In this exercise, the entries below include pictures. Repeat exactly the lines from the line with "ヴィンテージ リネン お花 ブーケ 手刺繍 スクエア マルチクロス 麻" to the line with "Une carte d'invitation", including both, but without the pictures.

....

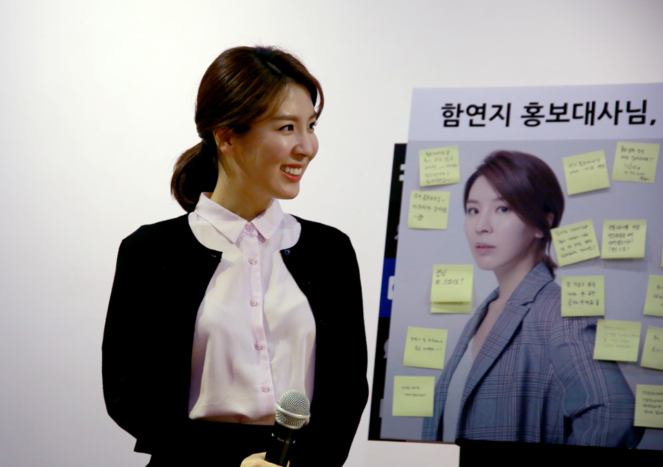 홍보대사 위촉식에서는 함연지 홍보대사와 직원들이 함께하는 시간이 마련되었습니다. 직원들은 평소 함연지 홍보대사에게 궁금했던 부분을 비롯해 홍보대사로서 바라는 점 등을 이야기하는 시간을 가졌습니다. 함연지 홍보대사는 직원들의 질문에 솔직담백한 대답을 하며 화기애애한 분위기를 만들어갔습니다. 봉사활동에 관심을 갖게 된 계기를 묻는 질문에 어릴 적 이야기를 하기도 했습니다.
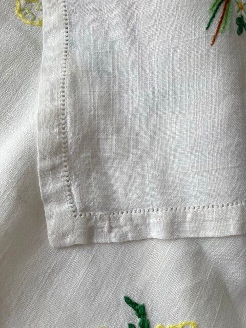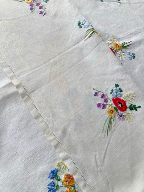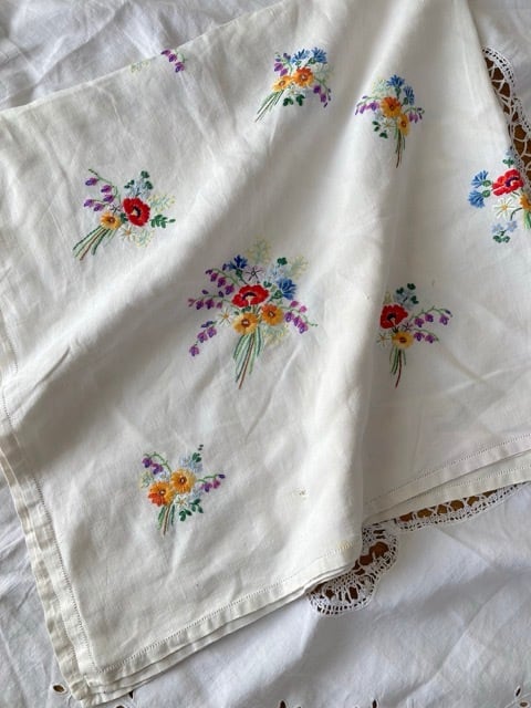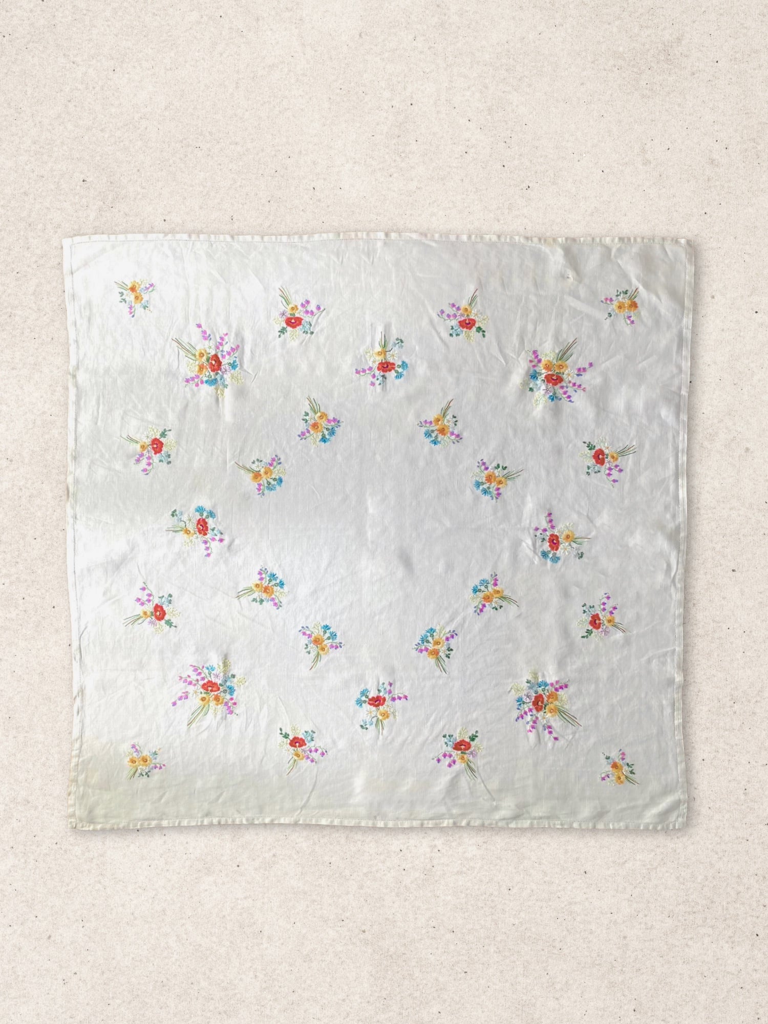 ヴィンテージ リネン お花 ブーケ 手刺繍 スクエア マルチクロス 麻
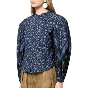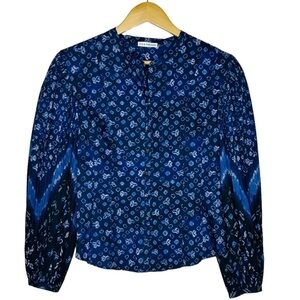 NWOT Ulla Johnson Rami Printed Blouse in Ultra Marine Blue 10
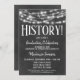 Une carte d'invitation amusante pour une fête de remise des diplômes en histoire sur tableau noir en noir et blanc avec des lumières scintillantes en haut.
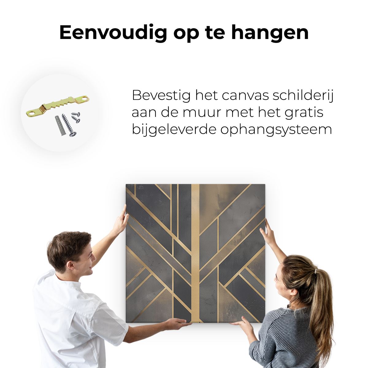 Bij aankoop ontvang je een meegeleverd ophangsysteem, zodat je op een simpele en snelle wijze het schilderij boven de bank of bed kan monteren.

....

*Response to this exercise*.
 ヴィンテージ リネン お花 ブーケ 手刺繍 スクエア マルチクロス 麻
 NWOT Ulla Johnson Rami Printed Blouse in Ultra Marine Blue 10
 Une carte d'invitation amusante pour une fête de remise des diplômes en histoire sur tableau noir en noir et blanc avec des lumières scintillantes en haut.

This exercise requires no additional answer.